Surprise! You’re on the Hook for Employer Withdrawal Liability
It’s no secret that multiemployer pension plans, like most defined benefit plans, are underfunded. Unfunded pension liability, also referred to as employer withdrawal liability, creates substantial risks for more than the employers obligated to make contributions to these multiemployer pension plans. Multiemployer pension plans are aggressively pursuing all sources of potential recovery to help remedy their funding shortfalls. These plans are having success and non-union entities are paying for it.
Last fall, the Seventh Circuit Court of Appeals expanded the doctrine of successor liability in the context of employer withdrawal liability. In Tsareff v. Manweb Services, Inc, Manweb purchased a union company, which had an obligation to contribute to a multiemployer pension plan. After the asset sale, the pension plan assessed the union company with its share of the pension plan’s unfunded pension liability. The pension plan then sued Manweb on the basis of successor liability. The trial court dismissed Manweb from the case after finding that Manweb lacked sufficient notice of the potential or contingent employer withdrawal liability. On appeal, the Seventh Circuit Court of Appeals rejected the district court’s application of the doctrine of successor liability. The Circuit Court found that notice of a contingent or potential employer withdrawal liability was sufficient. The Circuit Court reasoned that it would be inequitable, or unfair, to allow Manweb to keep the good parts of the union company without assuming its liability to the pension plan.
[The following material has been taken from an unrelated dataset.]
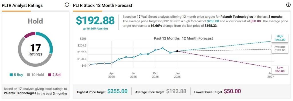 Mizuho’s view aligns with the broader Wall Street sentiment. Analysts on average rate Palantir a ‘Hold,’ with consensus price targets pointing to roughly 16.7% upside upside in 2026, per data retrieved by Finbold from TipRanks on January 22.

More recently, a multiemployer pension plan had success collecting withdrawal liability from two private equity funds. Generally, to recover withdrawal liability from an entity, other than the employer that is obligated to the pension plan, a two-prong test must be satisfied: (1) the entity must be under common control with the obligated employer; and (2) the entity must be a trade or business. Common control is satisfied when a parent company owns at least 80% of a subsidiary. On March 28, the U.S. District Court for the District of Massachusetts held that private equity funds were jointly and severally liable for employer withdrawal liability as a trade or business under common control, absent either entity having an 80% ownership in the union company. One private equity fund owned 70% of the obligated employer and the other owned 30%. The District Court found that the two private equity funds had formed a “partnership-in-fact” and engaged in a trade or business. As a result, both private equity funds were on the hook for approximately $4.5M in withdrawal liability.
These recent cases illustrate that it’s more important than ever to understand your employer withdrawal liability and the events that trigger an assessment. Further, entities considering purchasing the assets of or an ownership interest in an employer with obligations to a multiemployer pension plan should carefully evaluate the risks associated with employer withdrawal liability.